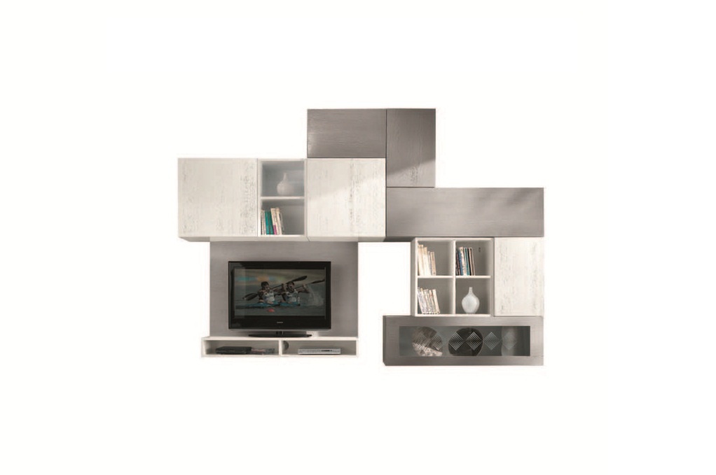The modular storage system of Giselle from the Italian manufacturer Arve Style. The module consists of hinged boxes that open niches, panel for TV. Frame, base made of solid wood. Finish shown in gray lacquer with a silvery patina that emphasizes the wood structure. Design modern, ergonomic. A perfect choice for a stylish interior. Offers a wide selection of palettes.
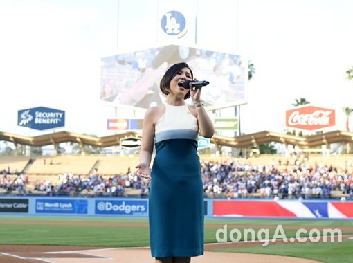 가수 알리가 28일(한국시간) 미국 캘리포니아 주 로스앤젤레스 다저스타디움에서 열린 메이저리그 LA 다저스와 신시내티 레즈의 경기에 앞서 미국 국가를 부르고 있다.
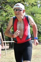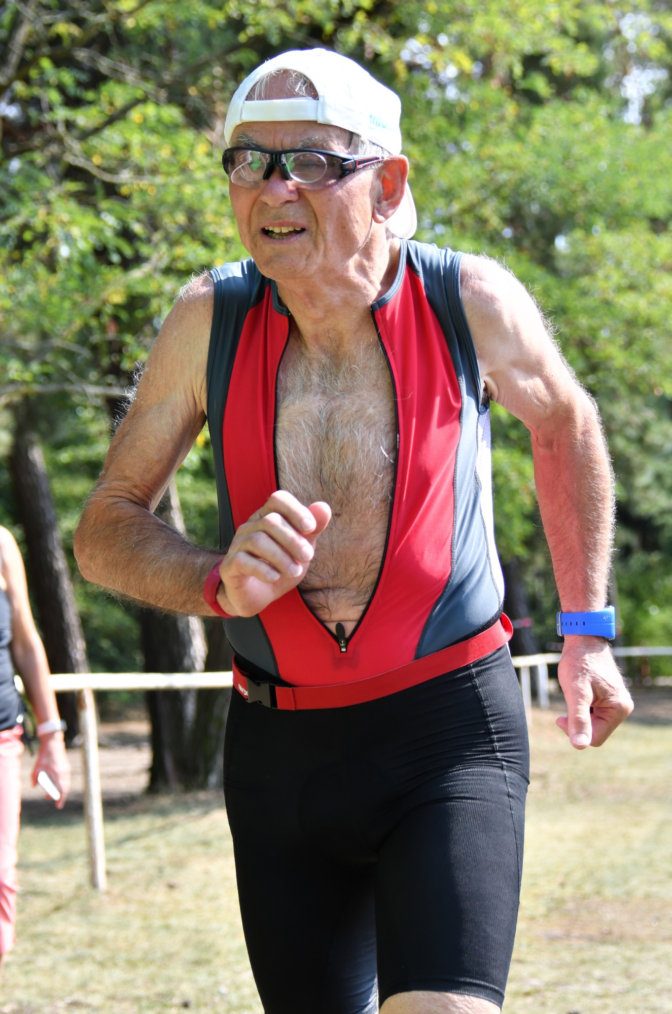 Zu guter letzt kam noch unser ältester Teilnehmer Henner Koepenick ins Ziel, von dem man munkelte, er würde sich nach diesem Auftritt mit 79 Jahren nun in den Triathlon-Ruhestand zurückziehen. Er bekam seine eigene Eskorte auf der Laufstrecke und wurde bei seinem Zieleinlauf nach den Siegerehrungen ausgiebig bejubelt.
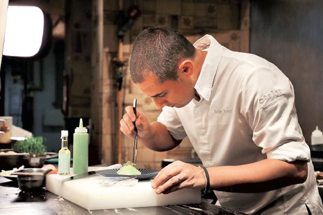 Two things strike you when you meet chef Julien Royer, running two Michelin-starred Odette in Singapore. The sheer pleasure he takes in feeding his guests, and his ability to turn a challenge into success. In the national capital for the Masters of Marriott initiative, not only does he quickly manage to dish out last-minute rounds of vegetarian appetisers on finding few takers for meat or fish, he also serves them personally, accompanied by an effusive smile. The gathering is instantly floored.
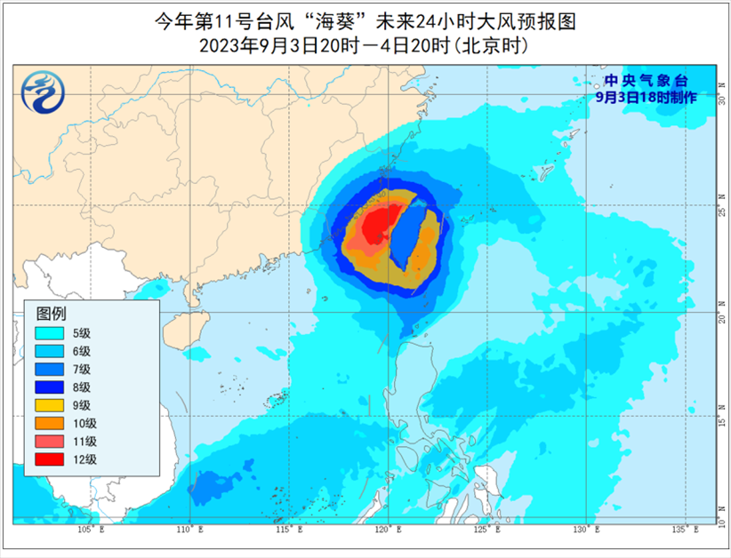 大風(fēng)預(yù)報:9月3日20時至4日20時,巴士海峽、臺灣海峽、臺灣以東洋面、東海南部及釣魚島附近海域、南海東北部以及浙江南部沿海、福建沿海、廣東東部偏東地區(qū)沿海、臺灣島及沿海將有6-8級、陣風(fēng)9-10級大風(fēng),部分海域或地區(qū)的風(fēng)力有9-12級,陣風(fēng)13-14級,“海葵”中心經(jīng)過的附近海面或地區(qū)的風(fēng)力有13-14級,陣風(fēng)15級。

----

## Assigned task:
Working from the data above, repeat exactly, and only, the lines that begin at the line containing "가수 알리가 28일(한국시간)" and stop after the line containing "Zu guter letzt"; pictures are not copied.

## The completed task:
 가수 알리가 28일(한국시간) 미국 캘리포니아 주 로스앤젤레스 다저스타디움에서 열린 메이저리그 LA 다저스와 신시내티 레즈의 경기에 앞서 미국 국가를 부르고 있다.
 Zu guter letzt kam noch unser ältester Teilnehmer Henner Koepenick ins Ziel, von dem man munkelte, er würde sich nach diesem Auftritt mit 79 Jahren nun in den Triathlon-Ruhestand zurückziehen. Er bekam seine eigene Eskorte auf der Laufstrecke und wurde bei seinem Zieleinlauf nach den Siegerehrungen ausgiebig bejubelt.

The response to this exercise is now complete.